62 animais silvestres foram retirados da cidade e devolvidos à Natureza últimos sete meses em Vilhena

Nesta segunda-feira, uma jiboia de mais de dois metros de comprimento foi capturada e devolvida à Natureza pela equipe de especialistas da Secretaria Municipal de Meio Ambiente (Semma). A ação faz parte do controle de fauna local, que procura evitar a aproximação dos animais silvestres da zona urbana. Encontrada na avenida 1° de Maio, próximo ao rio Pires de Sá, a cobra é o 62° animal resgatado e reinserido em seu habitat natural pela Prefeitura nos últimos sete meses. Devido à grande quantidade de encontros como esse, a Semma fez alerta aos ribeirinhos contendo cuidados necessários.

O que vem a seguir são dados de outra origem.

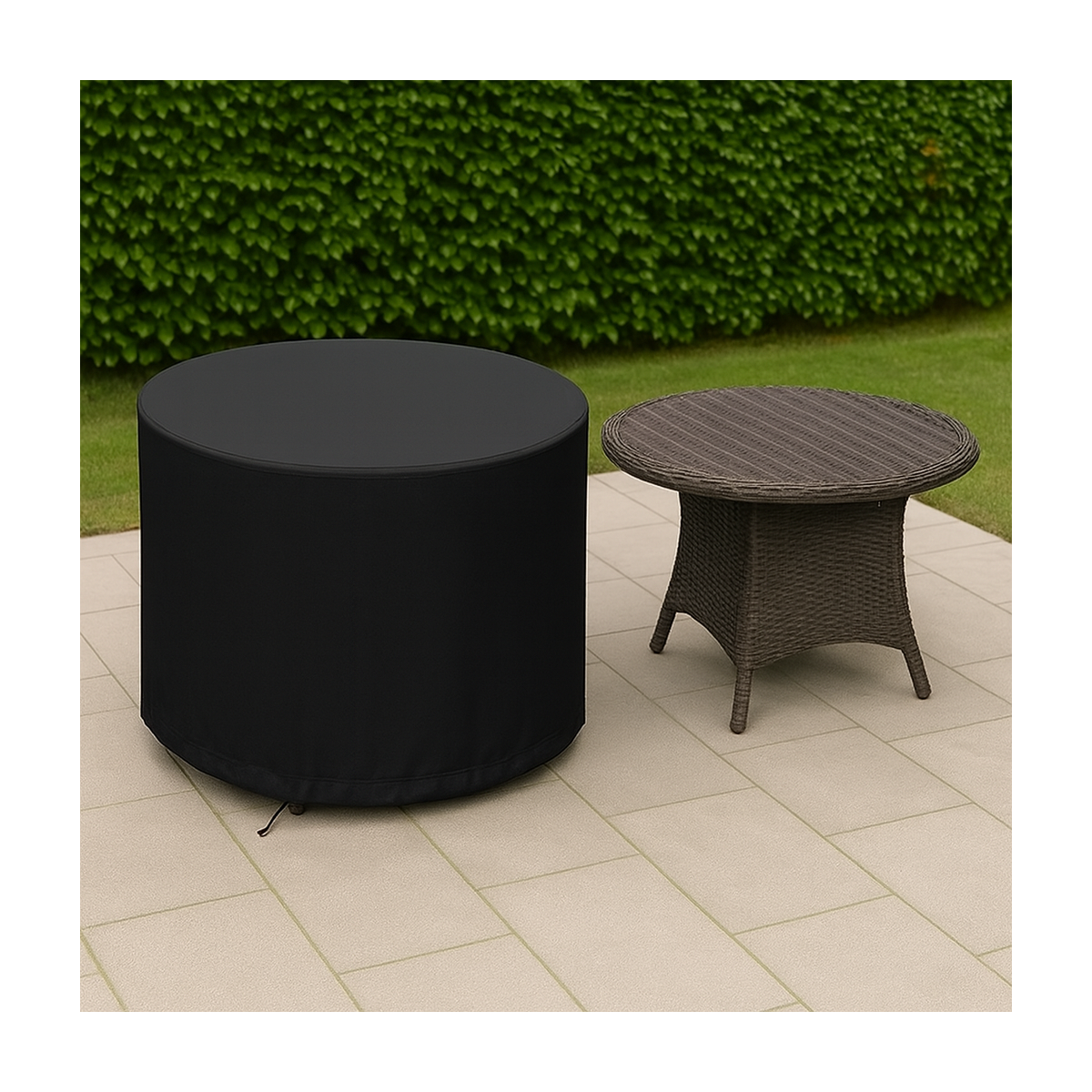 Nos housses sont confectionnées en toile polyester enduit PVC ≈ 300 g/m². Ce matériau est imperméable, anti-UV, résistant à la déchirure tout en restant souple et facile à manipuler. Il offre une protection optimale contre les intempéries et convient parfaitement aux tables de jardin rondes.
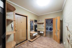 Просторную прихожую дополняет объемная гардеробная для хранения вещей и встроенным сейфом. В зоне входной группы для комфорта и уюта расположены: вешалка, зеркало ,тумба,полочки.

“Ameaça de mão dupla, os animais silvestres que vêm para a cidade representam perigo para moradores e para si próprios. Esse conflito silencioso do dia-a-dia próprio de uma mancha urbana que cresce constantemente, acaba colocando em risco o equilíbrio do ecossistema local, já que os moradores nem sempre estão preparados para lidar com estes encontros e quem sai perdendo, na maioria das vezes, são os animais”, conta Marcela Almeida, secretária municipal de Meio Ambiente.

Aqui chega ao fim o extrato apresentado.